Example 4: The onco-IDT paradigm
Background
The ability to evade immune surveillance and destruction is a hallmark of cancer96. Immunotherapy approaches have significantly improved cancer outcomes for several cancer types97. During oncogenesis, the immune system activates a multifaceted response involving innate and adaptive immune systems. However, cancer cells and their environment progressively evade immune surveillance by down-regulating major histocompatibility complexes (MHC) and upregulating immune checkpoint proteins98,99. Cancerous, immune, and stromal cells are the critical components of the tumour microenvironment (TME), and their interplay represents a complex system. The US National Cancer Institute and the US Department of Energy have started to explore the development and implementation of predictive Cancer Patient Digital Twins for personalised treatment100.
Objective
The main aim of Onco-IDTs would be to provide a computational representation of the patient’s cancer disease, including the interactions between cancer cells, tumour-associated cells, and the immune system. An ideal Onco-IDT should have the ability to be calibrated to patient’s data and used for clinical decision support. An Onco-IDT should include elements like the TME, neo-angiogenesis, pre-metastatic and metastatic conditions, and system-level information like blood and lymphatic transport. Today, personalised therapy in oncology is making progress in identifying cancer-driver mutations for each patient101 or cellular patterns linked with disease state/progression102–104. Successful implementations of in silico mechanistic models led to the identification of optimal treatments with minimal toxicity in melanoma and breast cancer105,106. Recently, patient-specific Boolean models of signalling networks were used to guide personalised treatments107.
Implementation suggestion
A possible implementation of an Onco-IDT can draw inspiration from the multiscale model of the different modes of cancer cell invasion described in ref. 108. The framework includes agent-based modelling and continuous time Markov processes applied on Boolean network models. The model is focused on cell migration considering not only spatial information obtained from the agent-based simulation but also intracellular regulation obtained from the Boolean model. It could be expanded to account for more complex phenotypes and interactions of tumour cells with cells from TME and immune cells, and also adapted to include clinical features and patient-derived characteristics.
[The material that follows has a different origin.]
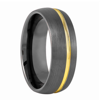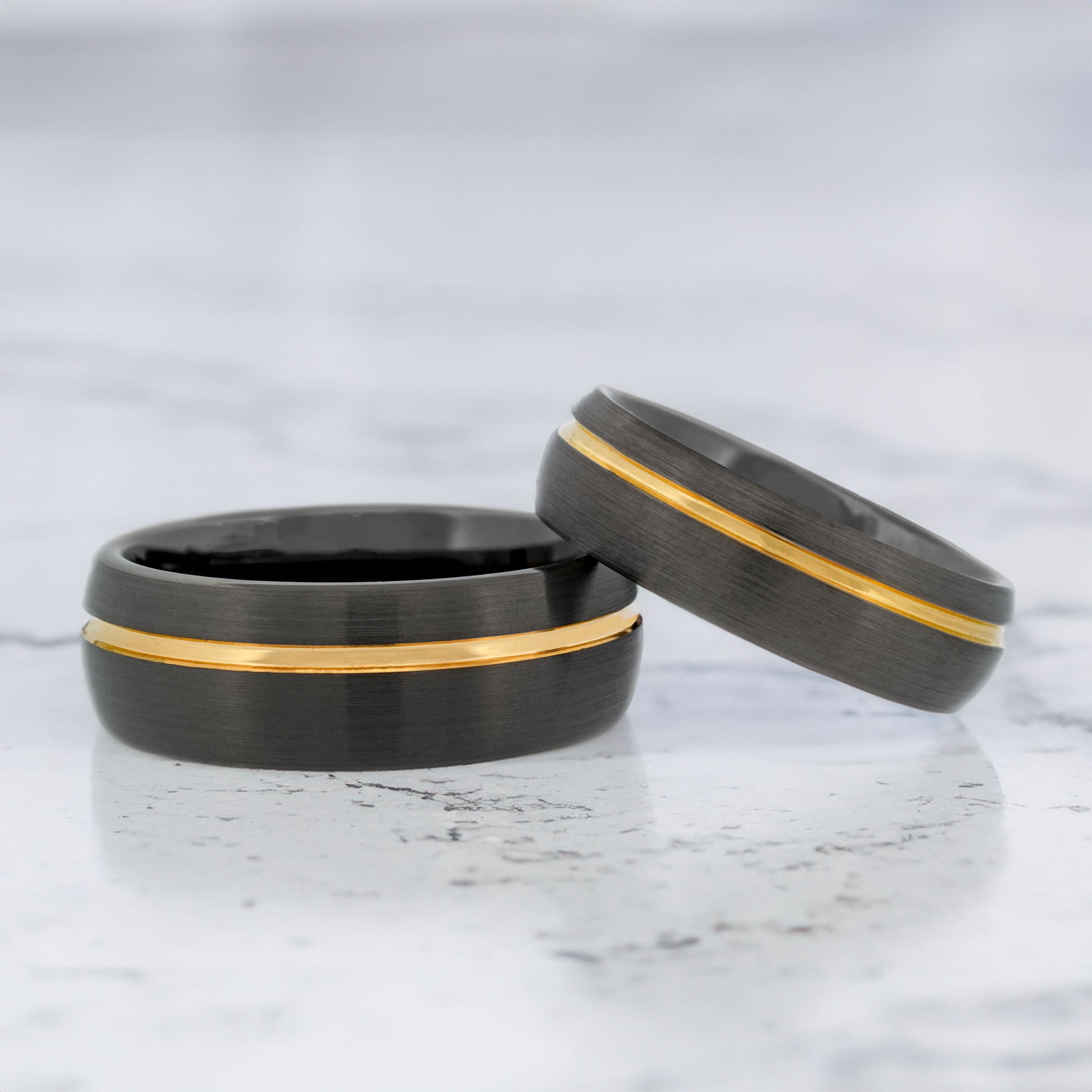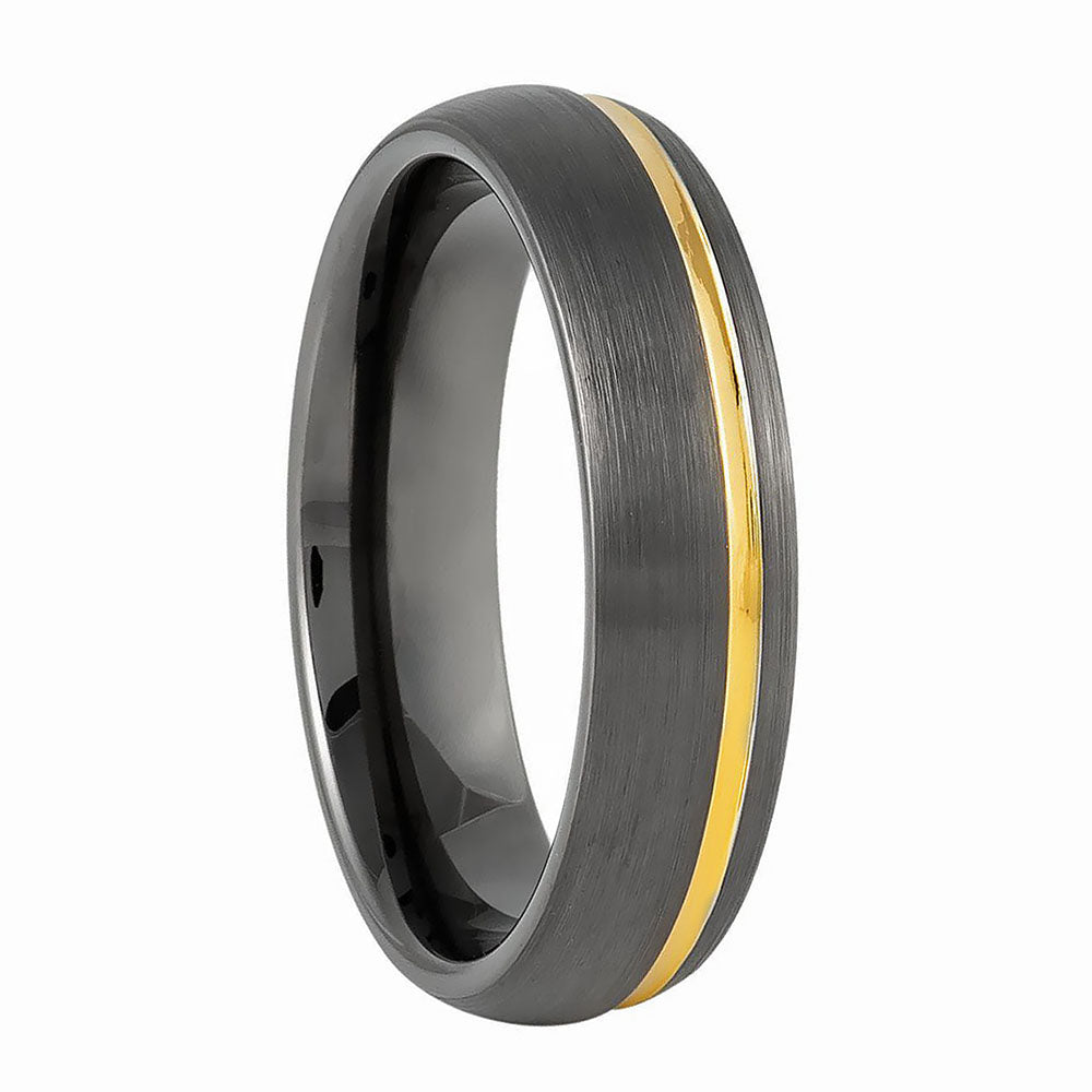 Alianza de boda para hombre de tungsteno dorado con centro negro

An Onco-IDT could be employed to optimise treatments and treatment combinations and potentially predict response to a particular treatment for individual patients.
Input data
Extensive cell phenotyping, genetic testing, and sequencing of tumour material is possible but requires tissue obtained by biopsy. The biopsy-based molecular subtyping provides direct data on a tumour’s current state and microenvironment, and single-cell techniques are powerful tools to capture natural and pharmacologically induced tumour immunity109. However, cancer genomics-guided approaches harnessing or targeting the immune system are still in their infancy, and surrogate markers are used. Also, biopsies are invasive and usually reserved for diagnostics, limiting their ability to track tumour development over time and sample intra- and inter-tumoral heterogeneity. Data and measurements from non or semi-invasive interventions, such as electronic health records, radiological imaging, and serological (circulating tumour cells and circulating tumour DNA) or molecular data that could inform about the patient’s inflammatory state, can be integrated with the biopsy data points. In addition, blood samples can provide insights into relevant drug pharmacokinetic (PK) processes, while wearables can offer additional information regarding vital signs, body temperature, and physical activity levels.
Potential impact
An effective Onco-IDT will provide oncologists with a dynamic clinical decision-support platform, aiding prognosis and disease management. More specifically, the Onco-IDT could contribute significantly to prognostic predictions regarding disease course, considering factors like metastatic capacity and patient survival. Additionally, it could offer actionable insights concerning therapeutic interventions, involving selecting the most effective therapy that maximises benefits while minimising side effects and adverse outcomes. Therapeutic decisions might also be optimised to select effective monotherapies versus combination therapies, drug doses, and treatment schedules.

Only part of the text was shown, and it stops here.